Ashish Dutt bio photo By Ashish Dutt

Introduction

Recently, I stepped into the AWS ecosystem to learn and explore its capabilities. I’m documenting my experiences in these series of posts. Hopefully, they will serve as a reference point to me in future or for anyone else following this path. The objective of this post is, to understand how to create a data pipeline. Read on to see how I did it. Certainly, there can be much more efficient ways, and I hope to find them too. If you know such better method’s, please suggest them in the comments section.

How to upload external data in Amazon AWS S3

Step 1: In the AWS S3 user management console, click on your bucket name.

plot1

Step 2: Use the upload tab to upload external data into your bucket.

plot2

Step 3: Once the data is uploaded, click on it. In the Overview tab, at the bottom of the page you’ll see, Object Url. Copy this url and paste it in notepad.

plot3

Step 4:

Now click on the Permissions tab.

Under the section, Public access, click on the radio button Everyone.

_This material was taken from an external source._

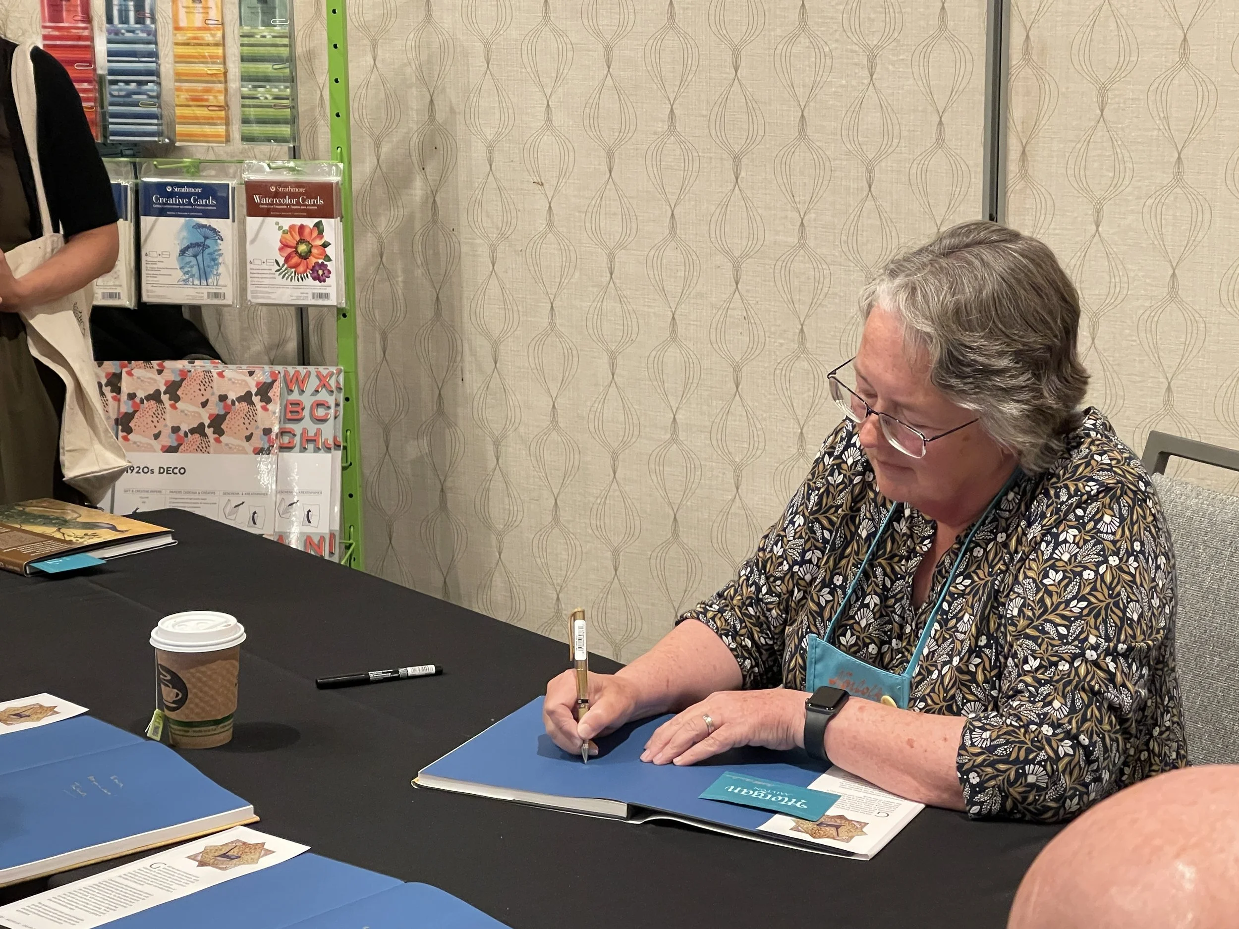 Famed British illuminator Toni Watts, signing her new book, “Contemporary Illumination” at Iampeth 2025, also to be reviewed.

It will open up a window.

Put a checkmark on Read object permissions in Access to this objects ACL. This will give access to reading the data from the given object url.

Note: Do not give write object permission access. Also, if read access is not given then the data cannot be read by Sagemaker

plot4

AWS Sagemaker for consuming S3 data

Step 5

  • Open AWS Sagemaker.

  • From the Sagemaker dashboard, click on the button create a notebook instance. I have already created one as shown below.

plot5

  • click on Open Jupyter tab

Step 6

  • In Sagemaker Jupyter notebook interface, click on the New tab (see screenshot) and choose the programming environment of your choice.

plot6

Step 7

  • Read the data in the programming environment. I have chosen R in step 6.

plot7

Accessing data in S3 bucket with python

There are two methods to access the data file;

  1. The Client method
  2. The Object URL method

See this IPython notebook for details.

AWS Data pipeline

To build an AWS Data pipeline, following steps need to be followed;

  • Ensure the user has the required IAM Roles. See this AWS documentation
  • To use AWS Data Pipeline, you create a pipeline definition that specifies the business logic for your data processing. A typical pipeline definition consists of activities that define the work to perform, data nodes that define the location and type of input and output data, and a schedule that determines when the activities are performed.